BEGIN STUDY MATERIAL

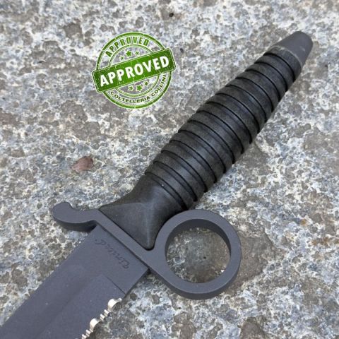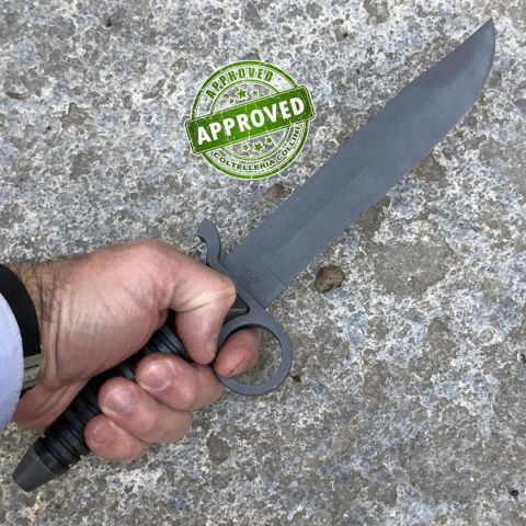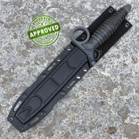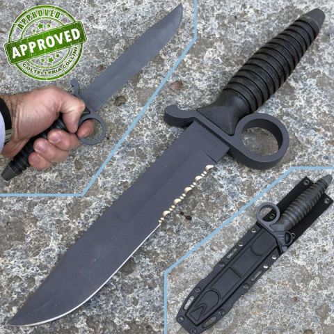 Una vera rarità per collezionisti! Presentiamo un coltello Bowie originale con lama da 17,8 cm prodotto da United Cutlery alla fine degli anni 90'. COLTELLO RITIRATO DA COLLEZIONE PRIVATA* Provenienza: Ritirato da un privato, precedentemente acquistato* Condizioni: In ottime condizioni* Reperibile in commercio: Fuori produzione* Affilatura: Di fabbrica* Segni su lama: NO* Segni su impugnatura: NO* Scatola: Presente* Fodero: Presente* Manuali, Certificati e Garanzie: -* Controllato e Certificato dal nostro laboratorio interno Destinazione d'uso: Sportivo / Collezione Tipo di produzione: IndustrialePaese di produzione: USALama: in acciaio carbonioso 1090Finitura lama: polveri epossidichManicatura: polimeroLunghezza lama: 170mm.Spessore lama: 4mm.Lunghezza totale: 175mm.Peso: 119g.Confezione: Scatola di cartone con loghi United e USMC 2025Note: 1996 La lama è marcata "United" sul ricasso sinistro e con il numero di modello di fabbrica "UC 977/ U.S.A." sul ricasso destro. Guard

END STUDY MATERIAL
BEGIN STUDY MATERIAL

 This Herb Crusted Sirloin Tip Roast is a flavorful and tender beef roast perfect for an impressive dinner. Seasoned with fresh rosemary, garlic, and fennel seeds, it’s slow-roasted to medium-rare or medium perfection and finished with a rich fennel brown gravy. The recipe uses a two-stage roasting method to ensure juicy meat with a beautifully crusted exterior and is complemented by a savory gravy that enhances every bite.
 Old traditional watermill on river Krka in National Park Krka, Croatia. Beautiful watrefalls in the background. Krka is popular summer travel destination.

END STUDY MATERIAL
BEGIN STUDY MATERIAL

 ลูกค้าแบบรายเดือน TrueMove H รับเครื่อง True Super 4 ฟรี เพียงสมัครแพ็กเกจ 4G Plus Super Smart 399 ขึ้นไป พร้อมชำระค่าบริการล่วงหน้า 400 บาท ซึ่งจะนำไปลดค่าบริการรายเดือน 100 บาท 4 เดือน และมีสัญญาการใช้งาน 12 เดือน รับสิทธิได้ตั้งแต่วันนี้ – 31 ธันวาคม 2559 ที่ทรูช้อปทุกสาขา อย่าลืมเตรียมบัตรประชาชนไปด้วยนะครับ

END STUDY MATERIAL

- [WORK ITEM]: Copy, exactly and only, the lines above that begin with the one containing "This Herb Crusted" and finish with the one containing "Old traditional watermill".

- [WORKED SOLUTION]:
 This Herb Crusted Sirloin Tip Roast is a flavorful and tender beef roast perfect for an impressive dinner. Seasoned with fresh rosemary, garlic, and fennel seeds, it’s slow-roasted to medium-rare or medium perfection and finished with a rich fennel brown gravy. The recipe uses a two-stage roasting method to ensure juicy meat with a beautifully crusted exterior and is complemented by a savory gravy that enhances every bite.
 Old traditional watermill on river Krka in National Park Krka, Croatia. Beautiful watrefalls in the background. Krka is popular summer travel destination.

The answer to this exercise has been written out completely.